Men Behaving Badly is a British sitcom that was created and written by Simon Nye. It follows the lives of Gary Strang (Martin Clunes) and his flatmates Dermot Povey (Harry Enfield; series 1 only) and Tony Smart (Neil Morrissey; series 2 onwards). It was first broadcast on ITV in 1992. A total of six series were made, along with a Christmas special and a trilogy of episodes that make up the feature-length "last orders".

The series was filmed in and around Ealing in West London.  The setting, however, is implied to be South London, and many references are made to Surrey. It was produced by Hartswood Films in association with Thames for the first two series on ITV. They also assisted with production of the third series onwards that aired on the BBC, after Thames had lost their regional ITV franchise for London weekdays at the end of 1992 to Carlton Television.

Men Behaving Badly became highly successful after being moved to a post-watershed slot on BBC1. It won the Comedy Awards' best ITV comedy and the first National Television Award for Situation Comedy.

Plot summary
Gary and Dermot are two London-based, beer-guzzling flatmates who typically spend most of their time in front of the television or in pursuit of women. When Deborah - an attractive, single woman - moves into the flat above, both men become obsessed with her, despite Gary already having a steady girlfriend, Dorothy.

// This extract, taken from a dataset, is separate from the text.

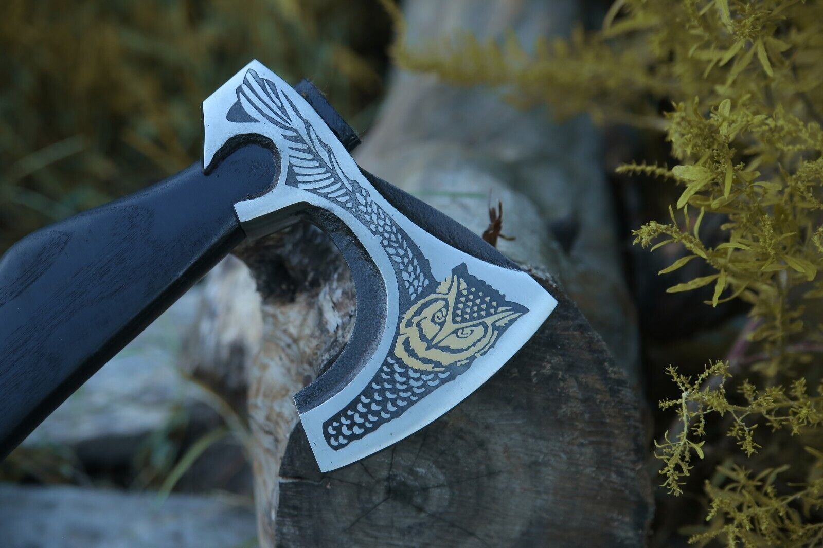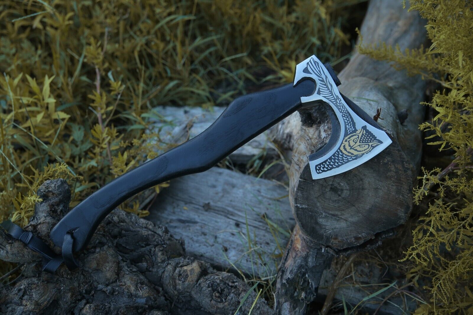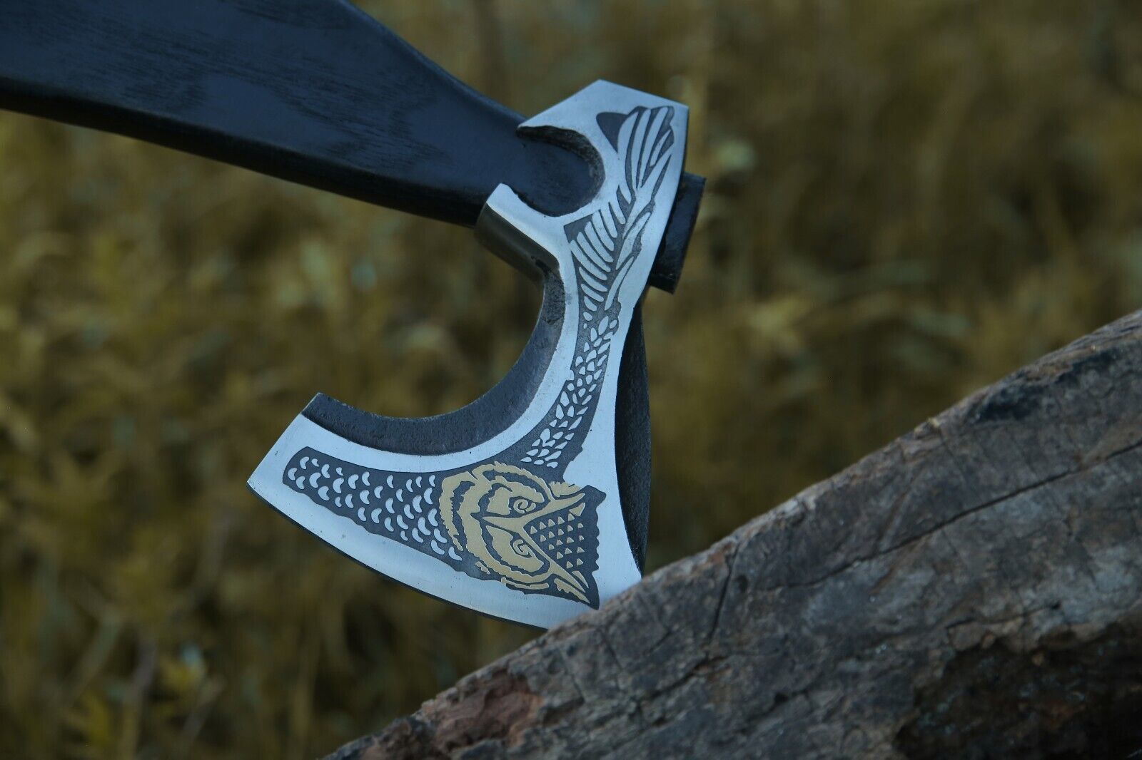This handcrafted Viking Axe is a true masterpiece, combining traditional Norse design with practical functionality. Measuring approximately 20 inches in overall length with a 5-inch cutting edge, this bearded axe is perfect for camping, woodworking, and outdoor adventures. The hand-forged high-carbon steel blade offers a razor-sharp edge, while the solid ash wood handle is treated with oil and hard wax to enhance its natural beauty and durability. Each axe comes with a custom leather sheath that fits the blade perfectly, providing protection and an elegant presentation. The axe head features intricate carvings and etchings, making every piece unique and collectible. Designed for both functional use and display, this Viking Axe is ideal for cutting wood, chopping logs, or showcasing in a collection. Its robust construction ensures full functionality while maintaining a smooth, refined finish. This versatile axe makes a perfect gift for collectors, outdoor enthusiasts, or anyone who appreciates quality craftsmanship and Viking-inspired tools.

When series two begins, it is revealed Dermot has left to travel the world, leading Gary to look for a new flatmate. Record stall owner Tony Smart then moves in and, although Gary is unsure of him at first, the two soon become good friends, revelling in a second childhood, hours of TV and mindless talks about women. Tony quickly becomes obsessed with Deborah and, unlike with Dermot, she initially shows an interest in return. However, Tony's immaturity quickly drives her to distraction, and his pursuit of Deborah becomes increasingly one-sided.

Gary manages an office selling security equipment for a dead-end company. His staff of ageing employees are the meek George and lifelong spinster Anthea, who regularly drive him to frustration with their old-fashioned views. Tony stumbles through a range of jobs including as a model, barman, mime artist and postman, after his record stall collapses.

Dorothy is an intelligent and mature nurse, and it is stated one of the main reasons she went out with Gary was because he annoyed her parents. She and Gary frequently split up and are occasionally unfaithful, including one night when Dorothy sleeps with Tony, but they always end up back together. Tony has many girlfriends but his true feelings are for Deborah, whom he initially just wants to have sex with, but quickly falls in love with in spite of her generally poor treatment of him. Deborah is often disappointed by Tony's juvenile behaviour, but can also see his good side. The two finally end up in a relationship in series six.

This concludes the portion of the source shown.